So, I've opened the switch and inspected - it is in perfect condition, although had few dead cockroaches from 90s (compared to the switch, they aren't ok though).
Then I've turned on the line and poked everything with multimeter - everything is ok. Bulbs also don't glow after switching off, so looks like problem is gone, at it was related to moisture. Still don't understand what really happened, but I guess it will wait until proper rewiring combined with home repair that will surely happen sometimes.
>He says back in the day it was the standard that they tied the Ground and the Null together in a box (most likely where the circuit breakers/fuses are) but standards changed and now one of those are counted as Line too (he said which one I forget, it doesn't matter to our point, I think it was the Null however), >If the tubing gets wet, the moisture in the form of vapor can go through the whole system, also causes corrosion. Somewhere the damp closes the circuit for you. You should check each connection box to see if the Ground and Null are connected together.
Yes, looks like it is the case, or at least it is similar to this. In old USSR-made homes there were no ground, only two wires go to each socket, and null functions as ground or such. Old wall sockets have no ground at all, except in special electric stove sockets. I've replaced few old sockets recently, they all had two wires, so I've installed new ones also with disconnected ground. As far as I know, line had upgrade some years ago and there is ground at dashboard now, but only there.
>Real solution would be to rewire the whole thing...

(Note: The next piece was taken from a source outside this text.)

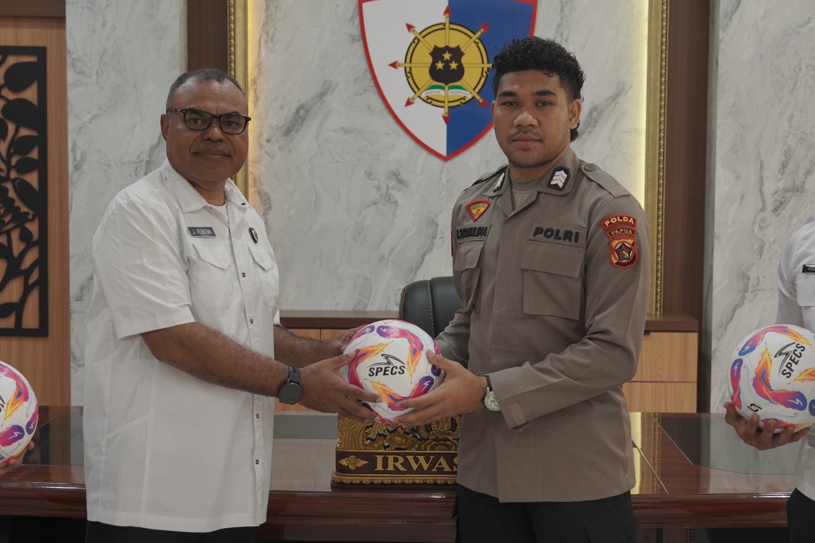Papua – Turnamen Sepak Bola Antar Satuan Kerja (Satker) Polda Papua mendapat dukungan istimewa dari atlet nasional yang juga merupakan personel Polda Papua, Evan Soumilena. Pemain Tim Nasional Futsal Indonesia tersebut memberikan bantuan bola sepak sebagai bentuk kepedulian terhadap pengembangan olahraga di lingkungan kepolisian.
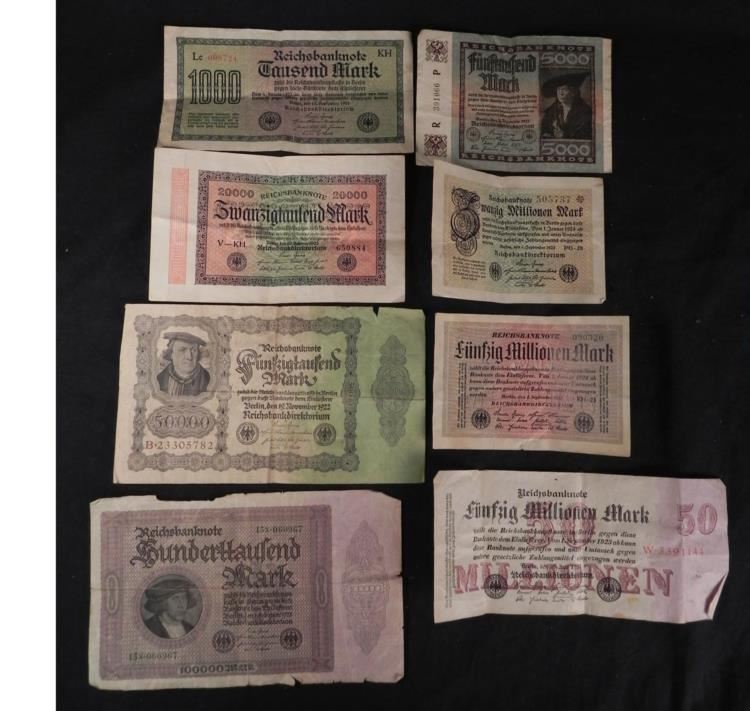 Up for auction are 8 Different amounts of German Paper Money from 1000 to 50 million marks, dated 1922 and 1923.

Yes, it is inevitable thing. Old wiring aren't good at all, it is also aluminum, not copper, wires lost flexibility, corroded etc. Thing that stops me is that everything must be broken, from parts of walls to ceiling, and it is best to combine that process with complex renovation (from wallpapers and floors to furniture). This is costly and time consuming, and flat must be emptied from everything first, but I have no other place to live now.